Chetty, Runjan; Capo-Chichi, Jose-Mario; Serra, Stefano.
Afiliação
  • Chetty R; Department of Anatomical Pathology, Laboratory Medicine Program, University Health Network and University of Toronto, Toronto, ON, Canada.
  • Capo-Chichi JM; Department of Clinical Laboratory Genetics, Laboratory Medicine Program, University Health Network and University of Toronto, Toronto, ON, Canada.
  • Serra S; Department of Anatomical Pathology, Laboratory Medicine Program, University Health Network and University of Toronto, Toronto, ON, Canada.
Histopathology ; 75(2): 247-253, 2019 Aug.

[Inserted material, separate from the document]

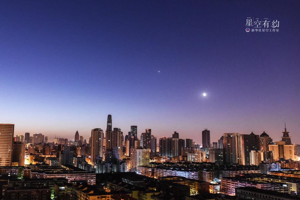 天津市天文攝影愛好者楊婧2022年2月27日黎明時分在天津市南開區拍攝的金星伴月。(本人供圖)

Article em En | MEDLINE | ID: mdl-30990915
AIMS: Pure large-cell neuroendocrine carcinoma (LCNEC) is an uncommon but well-recognised primary tumour of the colorectum. It is characterised by large cells organised in a discernible neuroendocrine pattern with >20 mitoses per 10 high-power fields (HPFs), and/or a Ki67 index of >20%, and coagulative tumour necrosis is invariably present. These features are supplemented by positivity for neuroendocrine immunohistochemical markers. The aim of this study was to highlight three primary LCNECs of the colorectum. METHODS AND RESULTS: All three patients were elderly females, aged 79, 85 and 89 years, who presented with ascending colon (two) tumours and a rectal tumour. All three tumours were large, ulcerated, polypoid masses (85, 76 and 55 mm; average size 72 mm) and were pT3N2. Histologically, the tumours were composed of packets and nests of cells with rosettes; other areas were in sheets composed of large cells. The mitotic counts were 23/10 HPFs, 27/10 HPFs and 24/10 HPFs, respectively. There was no mucosal dysplasia, precursor adenoma or associated adenocarcinoma component. All cases contained mainly peritumoral lymphoid aggregates, with smaller numbers of intratumoral lymphocytes. Synaptophysin, chromogranin (less intensely) and epithelial markers were expressed in all cases in the majority of the tumour cells. The Ki67 proliferative indices were 95%, 100%, and 80%, respectively. Two patients survived for 48 and 72 months, whereas the third is alive after 12 months without evidence of recurrence. CONCLUSIONS: These unusual primary colorectal LCNECs with an accompanying lymphoid component are characterised by loss of MLH1/PMS2, BRAF mutation, microsatellite instability, and Epstein-Barr virus negativity. The patients also have better overall survival than those with LCNECs lacking an accompanying lymphoid component.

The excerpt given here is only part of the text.